*WHAT TO WORK ON*.
Beginning with the line of the entries below that holds "随后,2025级MTI研究生" and ending with the line that holds "I remember the linoleum", transcribe each line exactly as written. Pictures stay out.

*DATASET EXTRACT*.
*** Block opens ***

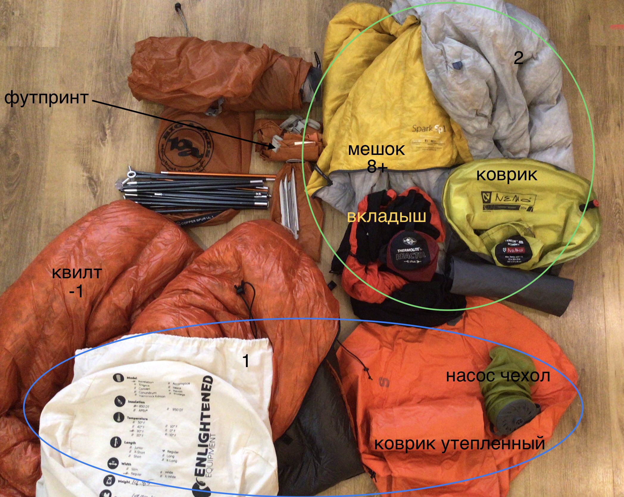 quilt - квилт - облегченный спальный мешок без спины, молнии и капюшона rain kilt - дождевой килт - непромокаемая юбка, защищающая ноги от сырой травы tarp-tent - смесь палатки и тарпа, палатка без стенок и дна, не плоский тент pot cozy - термос котелка - приспособа из пенки, утепляющая котелок для запаривания еды, сбережения топлива dyneema fiber composite , dcf , cuben - материал, композитный ламинат из пленки и uhmwp нитей: очень легкий, очень прочный, очень дорогой, очень похож на мусорный мешок
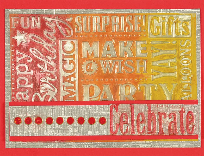 Cut a 6½”x4½” pearl metal sheet. Scribble red Gelato® on one third of it. Scribble orange on the next third, overlapping the red. Scribble yellow on the last third of the sheet, overlapping the orange. Rub it in with your finger, blending where the colors overlap. Use the embossing folder to emboss the metal sheet. Use a cotton swab dipped in acetone to remove the Gelatos® color and pearl finish from the raised words. Trim the metal to 5 7/8”x4”. Mat on Silver Linen paper with 1/8” borders. Glue to the card front.
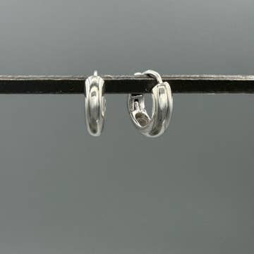 Boucles d'oreilles huggie en argent, fabriquées à partir de tubes pour un port léger. - Argent sterling massif - Fermeture à charnière qui se verrouille en place - Diamètre de 12 mm **Elles peuvent être portées sous la douche ou en nageant. Retirez-les uniquement pour nettoyer et polir afin de raviver leur éclat.
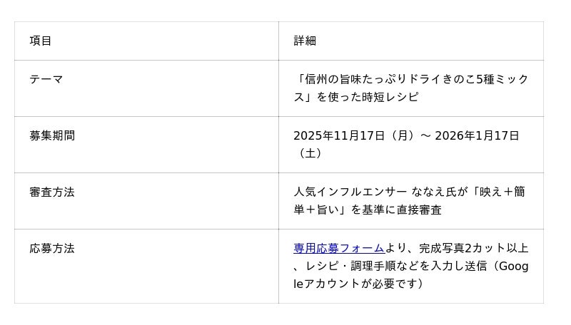 株式会社須坂の暮らし(所在地:長野県須坂市大字日滝、代表:早川航紀)が運営する長野県須坂市のライフスタイル提案プロジェクト「須坂の暮らし」ブランドでは、この度、簡単・時短レシピで人気の料理インスタグラマーななえ|頑張りすぎないおうちごはん(@nanameshi_recipe)と協業し、「信州の旨味たっぷりドライきのこ5種ミックス」を使用した時短レシピコンテストを2025年11月17日より開催します。
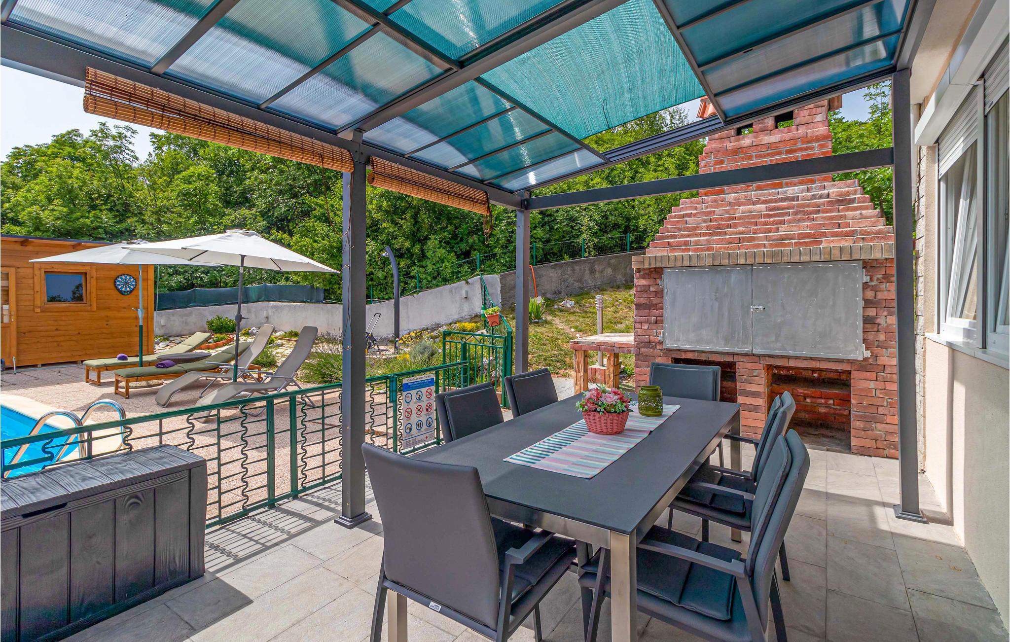 Dieses charmante Haus ist eine Einladung für alle Naturliebhaber. Es liegt in der Nähe eines Waldes im Hinterland von Novi Vinodolski und ist von unberührter Natur umgeben. Das angenehme und einfach eingerichtete Haus eignet sich gut für Familien mit Kindern. Hier können Sie das Vogelzwitscher und die schöne Landschaft genießen oder einfach nur in Ruhe mit Ihrem Lieblingsbuch entspannen. Erfrischung Sie sich an heißen Tagen im Pool und lassen Sie sich in der Sonne trocknen. Nach einem Tag an der frischen Luft finden Sie wohlige Wärme im Whirlpool.
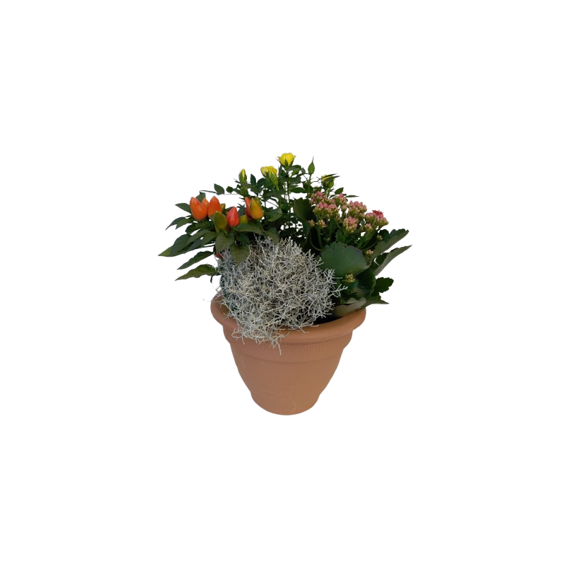 Composition extérieure terre cuite 27 cm "Campana" avec Rosier 10 / piment 10 / kalanchoe 10 / calocephalus
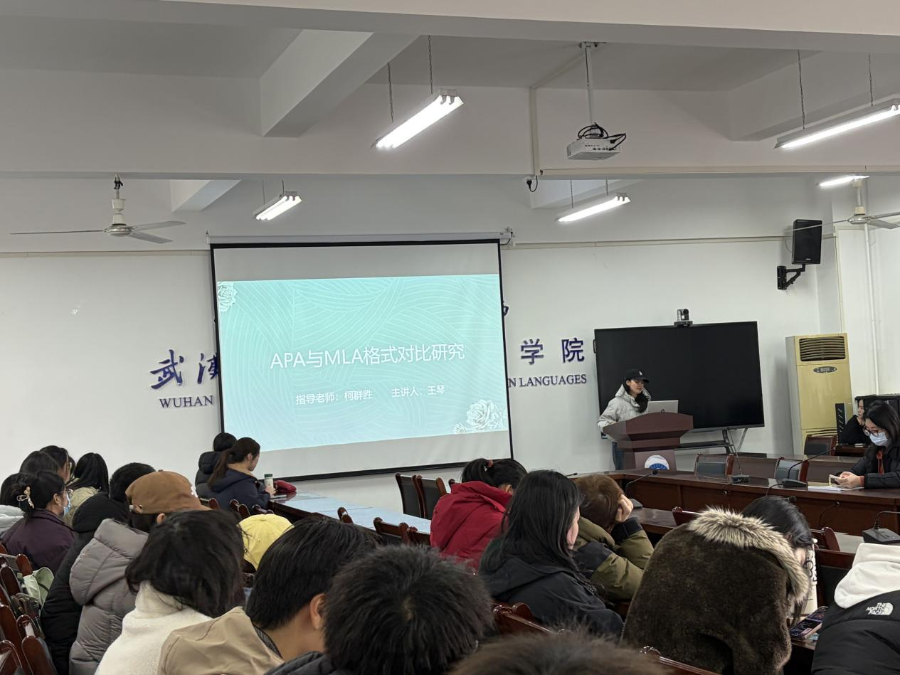 随后,2025级MTI研究生王琴以《APA与MLA格式对比研究》为题,开展了她的分享。王琴聚焦学术写作中常用的APA与MLA两种引用格式,先明确二者核心定位——APA适配心理学、社会科学等实证研究,MLA适用于文学、人文等文本分析类研究。随后从核心维度展开对比:适用学科与手册版本、标题页/首页格式规范、文中引用规则(如APA“作者-年份”vs MLA“作者-页码”)、参考文献排版要求(含作者姓名格式、标题大小写、出版信息呈现等)。她结合MTI论文写作实际,梳理格式使用中的高频错误与关键注意事项,同时给出清晰的格式选择指南,助力研究生掌握规范的学术写作格式,提升论文规范性与专业性。
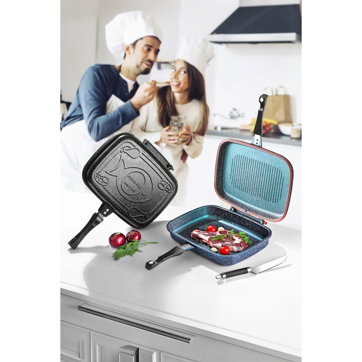 Lavonni 36 cm Çift Taraflı Döküm Balık Tavası
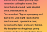 I remember the linoleum floor, cold through the thin soles of my shoes. And I remember the plastic grocery bag—translucent, crinkled—stuffed with my dirty clothes. Socks turned inside out.
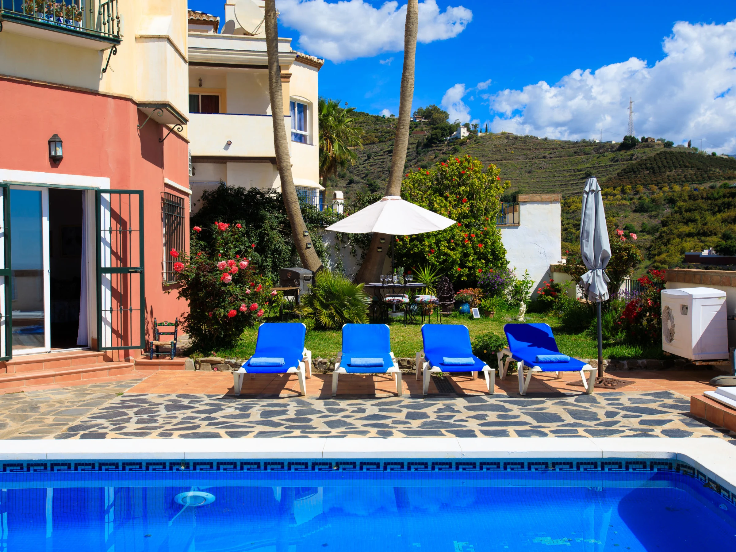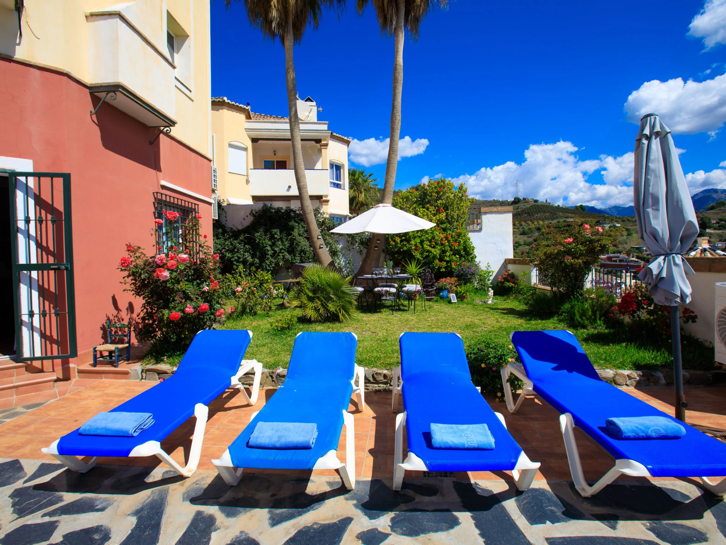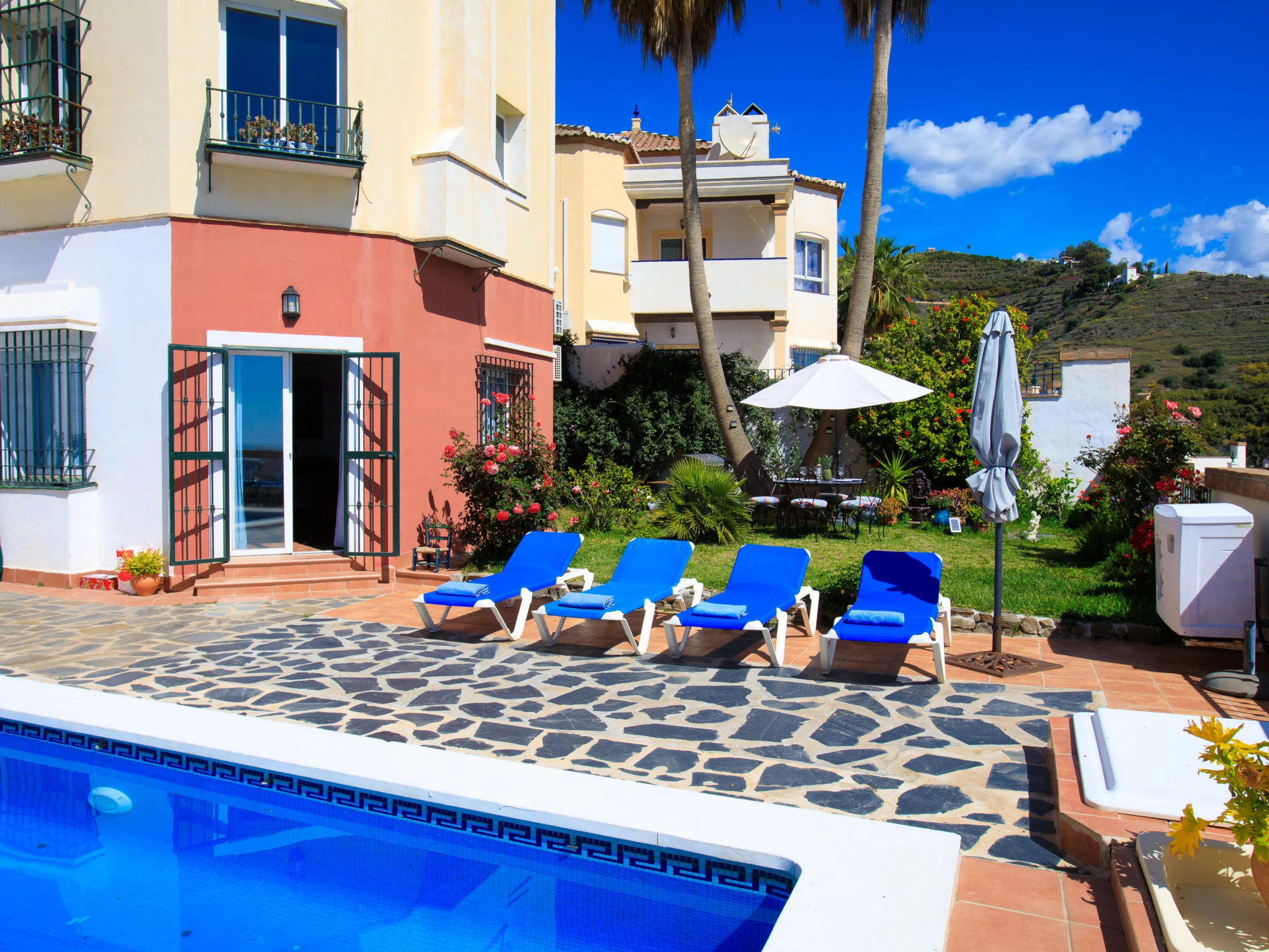Torrox 1 km von Nerja: Germáumiges Haus in einer ruigen Wohngegend, aber nur 15 Gehminuten vom Strand und einer fantastischen Strandbar entfernt. Nerja ist weniger als 10 Autominuten entfernt. Das Haus besteht aus 3 Stockwerken, wobei das Stockwerk, das sich auf der gleichen Ebene wie der Pool und der Garten befindet, mit seiner kleinen Küche, Bad/Dusche, Wohnzimmer und einem Doppelbett, wie eine separate Wohnung ist. Es gibt keinen Innenzugang zu den anderen Schlafzimmern, insgesamt gibt es 4 Einzelbetten und 2 Doppelbetten sowie zwei Küchen. schönes, komfortables Haus "Vista Bonita". Im Ort, 2 km vom Zentrum von Nerja, sonnige Lage im Villenviertel, 500 m vom Meer, vom Strand. Zur Alleinbenutzung: Garten, Schwimmbad eckig (5 x 7 m, 100 - 180 cm tief, saisonale Verfügbarkeit: [hidden] - [hidden] Im Hause: Waschmaschine. Einkaufsgeschäft 2 km, Lebensmittelgeschäft 2 km, Supermarkt 2 km, Einkaufszentrum 25 km, Restaurant, Bäckerei 4 km, Café 500 m, Fußgängerzone 2 km, Biergarten 500 m, Bushaltestelle 1.5 km, Bahnstation "Malaga" 50 km, Sandstrand 500 m, Tauchzentrum 2 km, Thermalbad 2 km. Sporthafen 26 km, Jacht-Hafen 26 km, Golfplatz (18 Loch) 20 km, Surfschule 20 km, Tennis 2 km, Sportzentrum 2 km. Nahe gelegene Sehenswürdigkeiten: Nerja, Torrox, Frigiliana, La Herradura, Almuñecar, Competa. Bekannte Skigebiete sind gut erreichbar: Sierra Nevada. Wandergebiete: Sierra Almijara, Sierra Tejeda, Las Alpujarras. Bitte beachten: Fahrzeug empfohlen. Babyausstattung (inkl.). Der Besitzer akzeptiert keine Jugendgruppen. Be- und Entladen am Ferienhaus möglich. Ferienwohnung Ref. ES5405.127.1 befindet sich auf dem gleichen Grundstück.
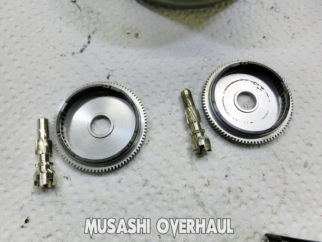 この錆びた個体を パワーハンドル で回してしまっていたのでギアの歯が削れてしまっておりました。交換するパーツ 部品番号[76] ドライブギア と 部品番号[54] ピニオンギア です。もう少し早く メンテナンス して頂ければ安く済んだのですが 残念ですね。

*** Block closes ***

*ANSWER BELOW*.
 随后,2025级MTI研究生王琴以《APA与MLA格式对比研究》为题,开展了她的分享。王琴聚焦学术写作中常用的APA与MLA两种引用格式,先明确二者核心定位——APA适配心理学、社会科学等实证研究,MLA适用于文学、人文等文本分析类研究。随后从核心维度展开对比:适用学科与手册版本、标题页/首页格式规范、文中引用规则(如APA“作者-年份”vs MLA“作者-页码”)、参考文献排版要求(含作者姓名格式、标题大小写、出版信息呈现等)。她结合MTI论文写作实际,梳理格式使用中的高频错误与关键注意事项,同时给出清晰的格式选择指南,助力研究生掌握规范的学术写作格式,提升论文规范性与专业性。
 Lavonni 36 cm Çift Taraflı Döküm Balık Tavası
 I remember the linoleum floor, cold through the thin soles of my shoes. And I remember the plastic grocery bag—translucent, crinkled—stuffed with my dirty clothes. Socks turned inside out.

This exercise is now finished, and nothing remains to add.